**Exercise:**
Output only the lines below from the one holding "Летняя рубашка, дизайнерская" down to the one holding "Influence of t", both end lines included and every picture dropped.

[Collected data entries]
:::::

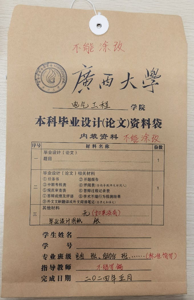 电气学院2024届毕业(设计)论文材料归档通知
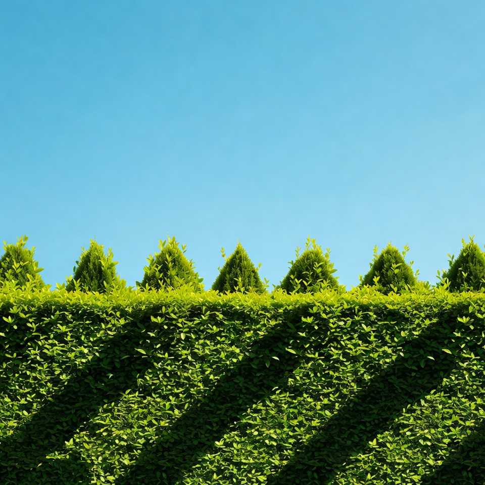 A row of neatly trimmed conical green hedges stands against a clear blue sky. Shadows from the hedges stretch across the dense green hedge base below. The vibrant foliage creates a striking contrast with the sky.
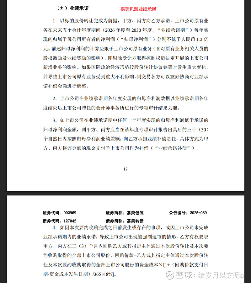 4、嘉美包装:上市公司原有业务在未来五个会计年度期间每年净利润不低于1.2亿。
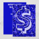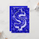 Convite com um design moderno impresso com estrelas espalhadas sobre um plano de fundo estilizado de "aparência sequencial" e '$' em tons de azul. Um design personalizável para você personalizar com seu próprio texto, imagens e ideias. Observe que esta é uma imagem de arte digital impressa. O produto não brilha ou contém glitter ou sequências reais.
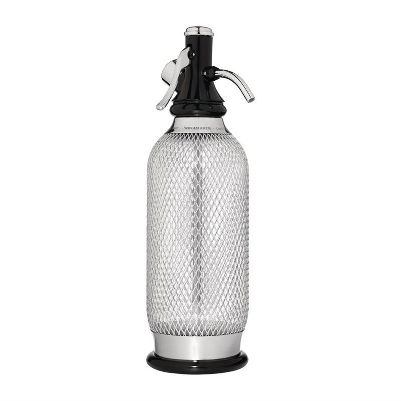 Dispenses sparkling soda water on demand. Stylish glossy finish with stainless steel mesh. Looks great behind the bar.
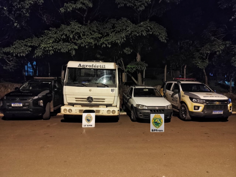 Conforme as informações divulgadas, após dados repassados pelo setor de inteligência indicando que um caminhão produto de furto estaria deslocando pela BR-163 acompanhado de um veículo que atuava como batedor, a equipe da PM iniciou patrulhamento na região.
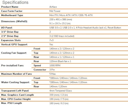 Airface má perforovaný přední panel pro zajištění silného proudění vzduchu. Jedná se o 230 mm širokou konstrukci mid-tower, která nabízí dostatek místa pro chladič CPU, kabeláž, kompatibilitu se základní deskou E-ATX a Hi-end grafické karty až do 330 mm. Ve srovnání s předchozími herními skříněmi je to upgrade ve všech aspektech.
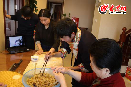 說(shuō)著,三個(gè)孩子把手提電腦一起拿到了飯桌上,爺爺奶奶和桑立新的愛人正在包水餃,孩子們也都跟著忙活起來(lái),有的搟皮、有的包餡,松塔的姐姐通過攝像頭看到后笑了起來(lái),“松塔,你在家里怎么沒見你這么能干呀,好好表現(xiàn)哦。”
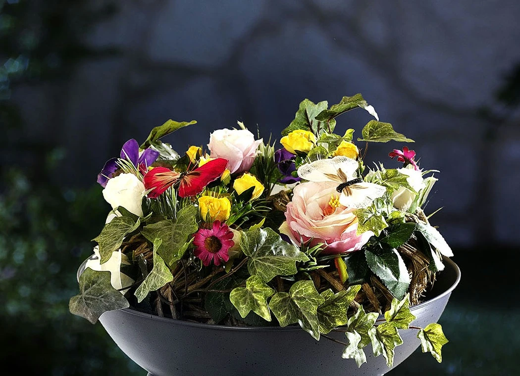 Auf einen Weidenkranz wurden Frühlingsblumen, Efeu und Schmetterlinge aufgebracht. Aus Kunst- und Textilmaterial gefertigt. Maße: ca. ø 30 cm, Höhe 17 cm.
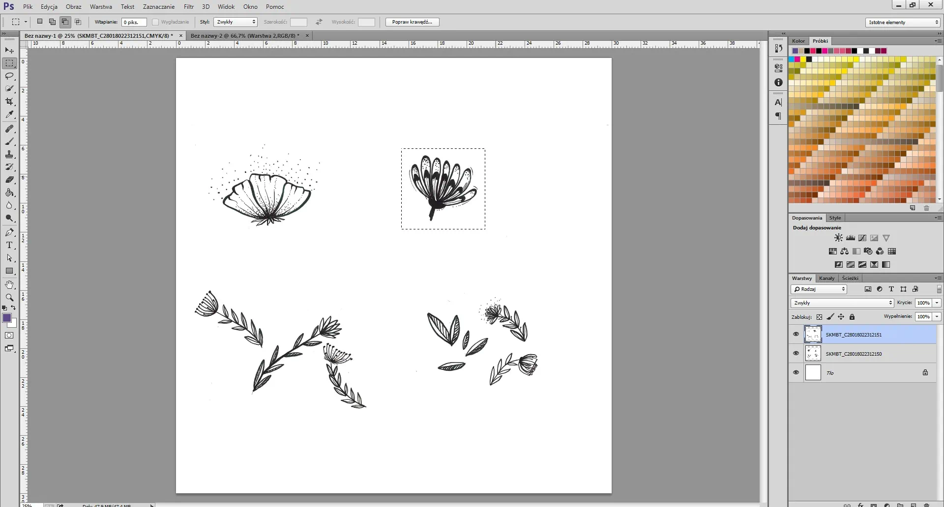 Corta todos los elementos de la imagen de la capa (en nuestro caso, flores) por medio de Herramienta Marco Rectangular. Se utiliza para marcar elementos de imagen. Luego, haz clic en CTRL+J para cortar un elemento; ahora se convierte en una capa separada. Repite el mismo procedimiento con todos los elementos y apaga la capa con el escaneo en la parte inferior derecha, dejando solo las flores.
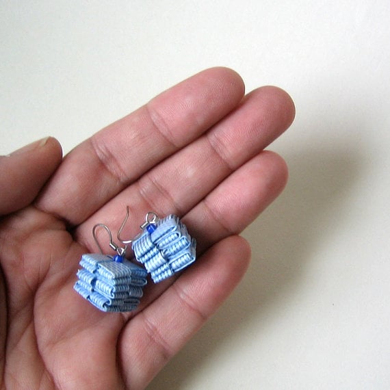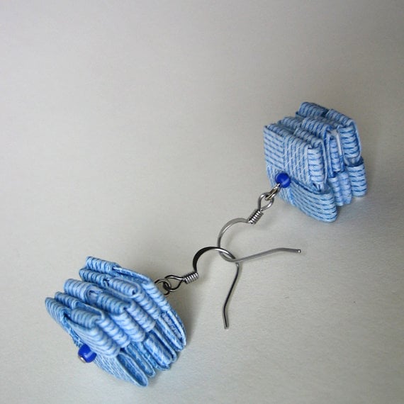 Blue Eco Earrings - Made By Hand With Blue Rescued Security Envelopes
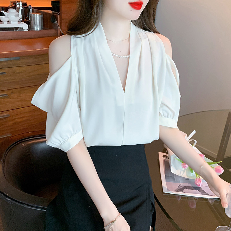Летняя рубашка, дизайнерская летняя одежда, V-образный вырез, короткий рукав, 2023, тренд сезона
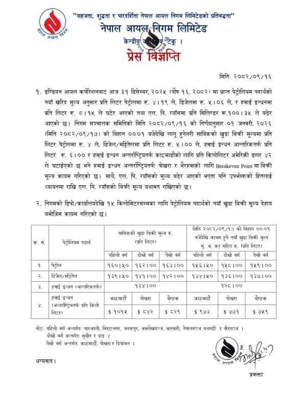 निगमले बुधबारदेखि लागू हुने गरी पेट्रोलियम पदार्थको मूल्य घटाएको हो ।
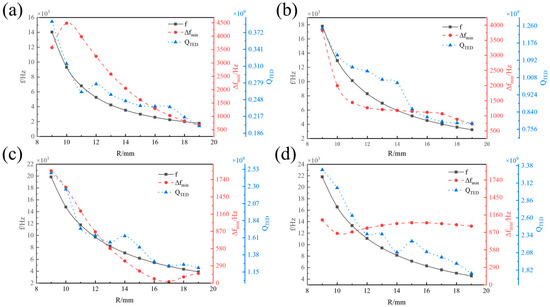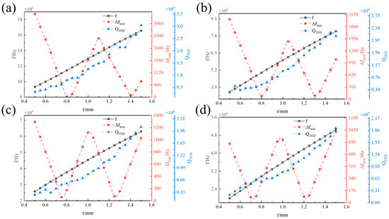 Influence of t on f, ∆fmin, and QTED. (a) R = 10 mm. (b) R = 14 mm. (c) R = 16 mm. (d) R = 18 mm.
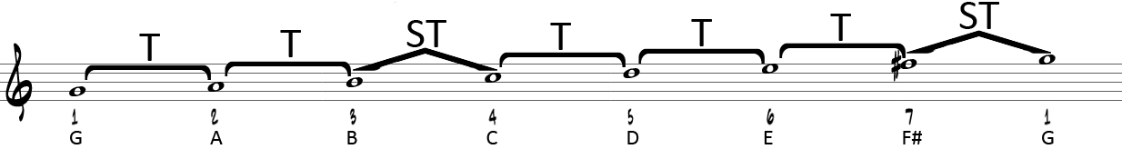 Cualquier escala que esté formada por los mismos intervalos que Do Mayor (y por tanto, la misma sucesión de tonos y semitonos) es una escala Mayor. Este tipo de escala se puede fundamentar (es decir, tener su Tónica) sobre cualquiera de las 12 notas. Veamos por ejemplo cómo construir la escala de Sol Mayor: Primero, pensando en la estructura de tonos y semitonos, por si acaso todavía hay que pelearse un poco más con los intervalos: Empezamos en Sol, y tiene que haber un tono hasta la siguiente nota, así que ponemos La. Desde La, tiene que haber otro tono hasta la siguiente nota, así que apuntamos Si. Ahora necesitamos una nota que esté a un semitono desde Si, y estamos de suerte: tenemos Do. Ya llevamos las notas Sol, La, Si y Do, y cumplen la estructura Tono, Tono y Semitono. Hasta aquí todo ha ido bien. Ahora vienen los tres tonos que van seguidos. A un tono de Do, tenemos Re. A un tono de Re, tenemos Mi. A un tono de Mi, tenemos Fa sostenido, NO FA, que estaría a medio tono. Así que ya hemos tenido que alterar una nota para forzarla a que coincida con la estructura que queremos. Por último, necesitamos un semitono, y desde Fa# llegaríamos a Sol. En resumen, para tocar la escala de Sol Mayor tendremos que alterar la nota Fa, cambiándola por Fa#, y las demás serán naturales, como en Do Mayor. La escala Mayor de Sol sería, pues: Sol La Si Do Re Mi Fa# (Sol, etc).
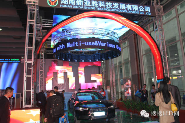 新亚胜集团展出了弧形屏,字母屏等产品,展会现场用作妆点的汽车起到了很好的烘托气氛的作用。
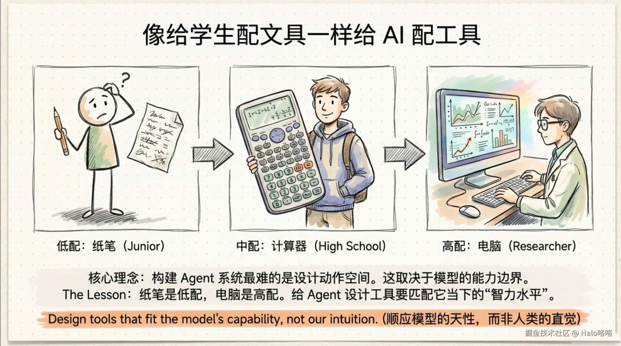 团队用了一个类比:面对一道数学难题,你想要纸、计算器还是电脑,取决于你自己的能力。给一个不会编程的人一台电脑,不如给他一个计算器。Agent 的工具设计也是同样的逻辑,你得先理解模型擅长什么、会怎么使用工具,然后根据这些观察来设计。
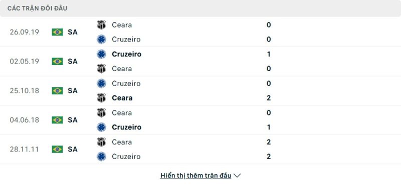 Thành tích đối đầu của Cruzeiro vs Ceará
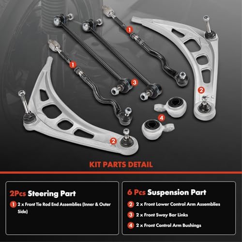 Specification: A-Premium 8Pcs Front Suspension Kit, Lower Control Arm & Bushing, Sway Bar Link, Inner Outer Tie Rod End, Compatible with BMW E46-1999-2008-318i 323Ci 323i 325Ci 325i 328Ci 328i 330Ci 330i Z4
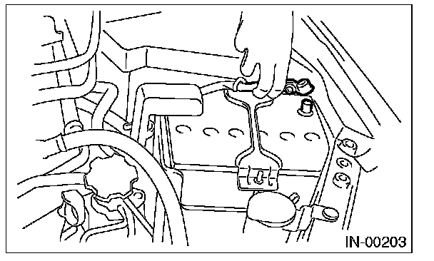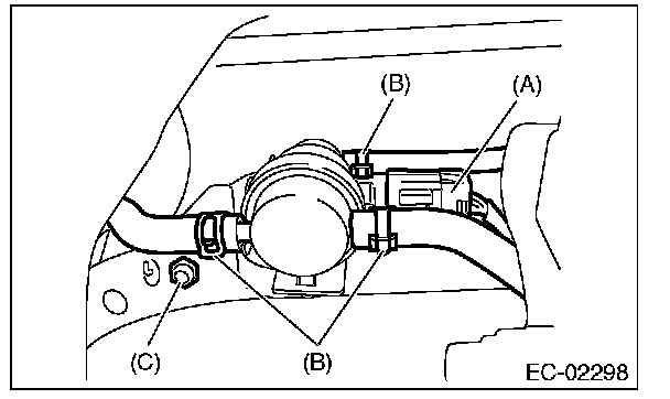 6. Remove the bolts (C) which secure the bracket to the fuel tank.
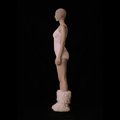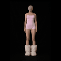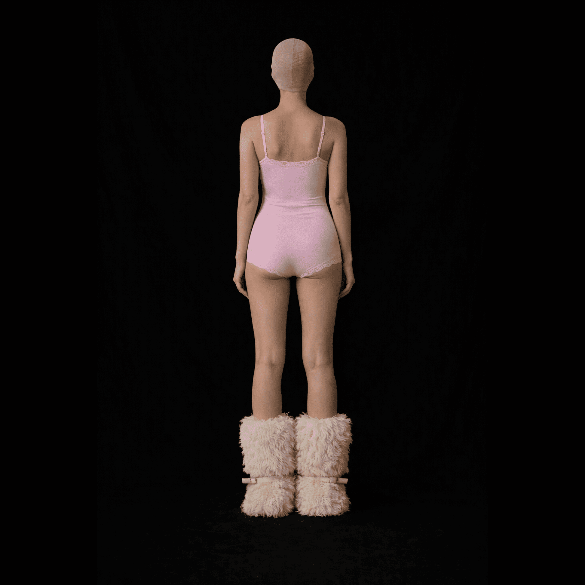 Jednoczęściowy, dopasowany body w pudrowym różu podkreśla sylwetkę i nadaje jej smukły, rzeźbiarski kształt. Subtelna koronka przy dekolcie i nogawkach dodaje miękkości oraz sensualnego akcentu.
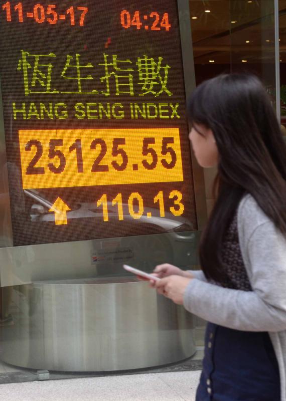 圖:港股昨日上升過百點,恒指四日累積升幅逾六百點
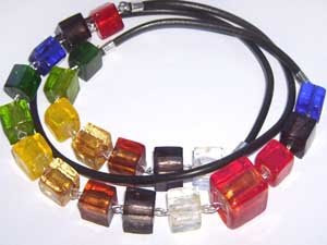 Materiały: kamień naturalny- lawa wulkaniczna, koral, opal, srebro, szkło wenecki, rzemień

:::::

**Answer space:**
Летняя рубашка, дизайнерская летняя одежда, V-образный вырез, короткий рукав, 2023, тренд сезона
 निगमले बुधबारदेखि लागू हुने गरी पेट्रोलियम पदार्थको मूल्य घटाएको हो ।
 Influence of t on f, ∆fmin, and QTED. (a) R = 10 mm. (b) R = 14 mm. (c) R = 16 mm. (d) R = 18 mm.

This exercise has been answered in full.